Interesting... Thanks for your email. I just sent a reply.

JohnRusk commented 2 years ago

Progress update: we've identified that the delays are happening during the TLS Handshake.

klolos commented 2 years ago

Progress update: we've identified that the delays are happening during the TLS Handshake.

@JohnRusk Could you please share some more information on the issue you have identified? We could be bumping into the same issue in one of our own cluster, where several requests towards the AKS API server fail with a TLS handshake timeout, causing frequent failures to services running in the cluster:

F0929 08:31:27.272615       1 config.go:37] Get "https://10.0.0.1:443/api?timeout=32s": net/http: TLS handshake timeout

Update: We were able to also reproduce the error using the Job manifest provided above, so it seems likely that it is indeed the same issue:

I0929 15:40:10.099624     323 round_trippers.go:466] curl -v -XGET  -H "Accept: application/json" -H "User-Agent: kubectl/v1.25.2 (linux/amd64) kubernetes/5835544" -H "Authorization: Bearer <masked>" '[https://10.0.0.1:443/api/v1/namespaces/default/pods?labelSelector=app%3Dmy-api&limit=500](https://10.0.0.1/api/v1/namespaces/default/pods?labelSelector=app%3Dmy-api&limit=500)'
I0929 15:40:10.101313     323 round_trippers.go:510] HTTP Trace: Dial to tcp:10.0.0.1:443 succeed
I0929 15:40:20.102170     323 round_trippers.go:553] GET [https://10.0.0.1:443/api/v1/namespaces/default/pods?labelSelector=app%3Dmy-api&limit=500](https://10.0.0.1/api/v1/namespaces/default/pods?labelSelector=app%3Dmy-api&limit=500)  in 10002 milliseconds
I0929 15:40:20.102204     323 round_trippers.go:570] HTTP Statistics: DNSLookup 0 ms Dial 1 ms TLSHandshake 10000 ms Duration 10002 ms
I0929 15:40:20.102212     323 round_trippers.go:577] Response Headers:
{
    "apiVersion": "v1",
    "items": [],
    "kind": "List",
    "metadata": {
        "resourceVersion": ""
    }
}
I0929 15:40:20.102511     323 helpers.go:264] Connection error: Get [https://10.0.0.1:443/api/v1/namespaces/default/pods?labelSelector=app%3Dmy-api&limit=500](https://10.0.0.1/api/v1/namespaces/default/pods?labelSelector=app%3Dmy-api&limit=500): net/http: TLS handshake timeout
Unable to connect to the server: net/http: TLS handshake timeout
JohnRusk commented 2 years ago

@klolos We have not found the root cause yet.

FYI, in the examples I've looked at, the issue is transient. E.g. if the same operation is retried immediately after the failure it will succeed.

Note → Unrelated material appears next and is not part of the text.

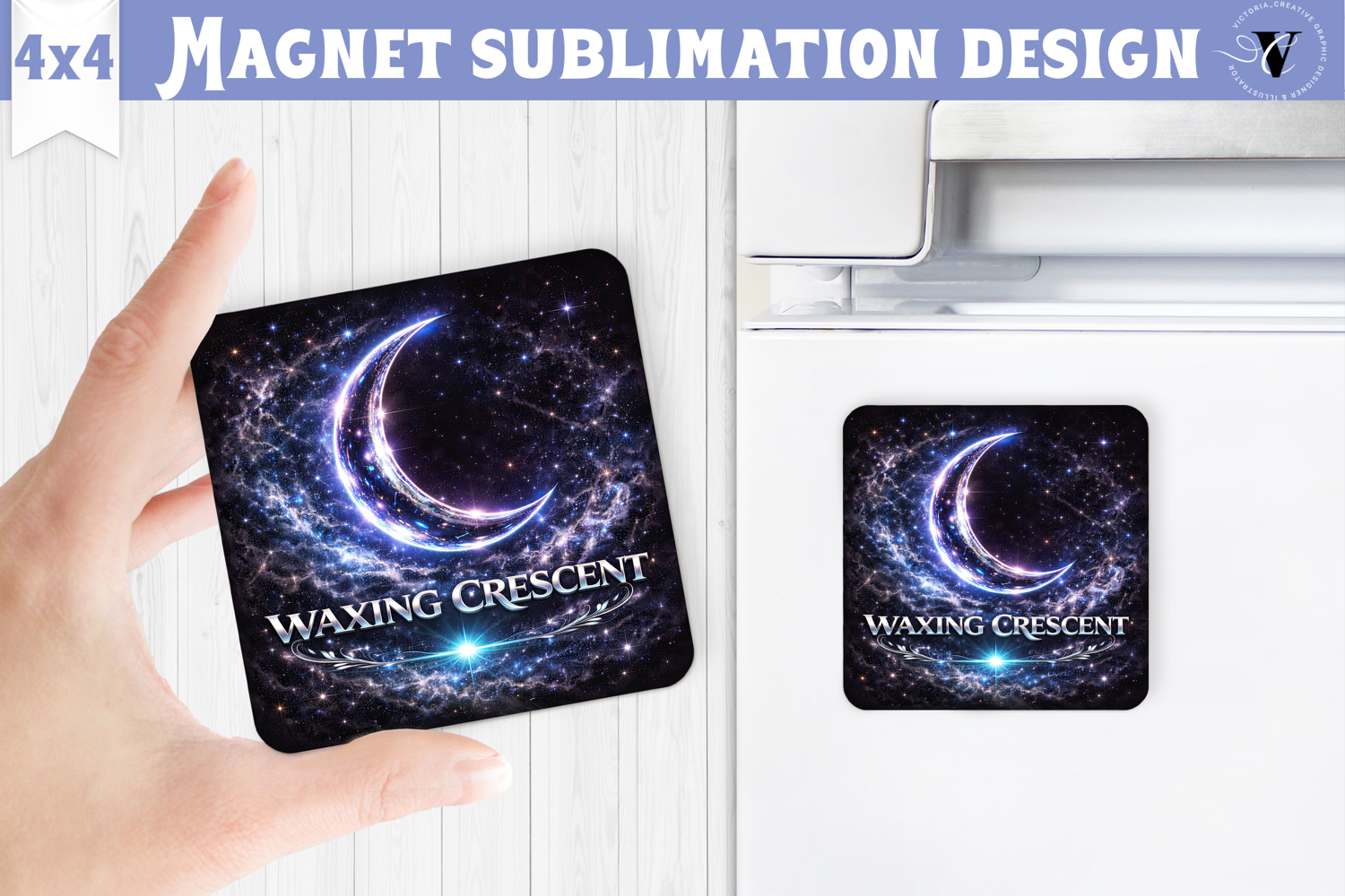 Create beautiful custom fridge magnets with this Moon Phase Sublimation Design, featuring a glowing lunar phase surrounded by a dramatic cosmic galaxy background. Specially sized for 4x4 inch sublimation magnet blanks, this high-resolution PNG is perfect for crafting astrology-inspired magnets, moon phase gift sets, or celestial home décor.

I.e. it will sucessully create a new connection, and do a successful handshake. Is that what you see? Or do you see the problem happening over and over again in a short period of time?

klolos commented 2 years ago

@JohnRusk Yes, the error seems transient. We are running recurring Kubeflow pipelines (which use Argo workflows), and once every few runs a pipeline step will fail because if this. Subsequent runs may succeed, so the error seems to be happening randomly.

JohnRusk commented 2 years ago

Thanks @klolos . Your issue sounds like it could indeed be the same as what we are looking at in this GitHub issue. We have gathered a lot of information in discussion with @arsnyder16. The root cause does not seem to be in the API Server itself (my area of expertise) so I'm reaching out to some colleagues here at AKS. It's a tricky issue, so the work may take some time.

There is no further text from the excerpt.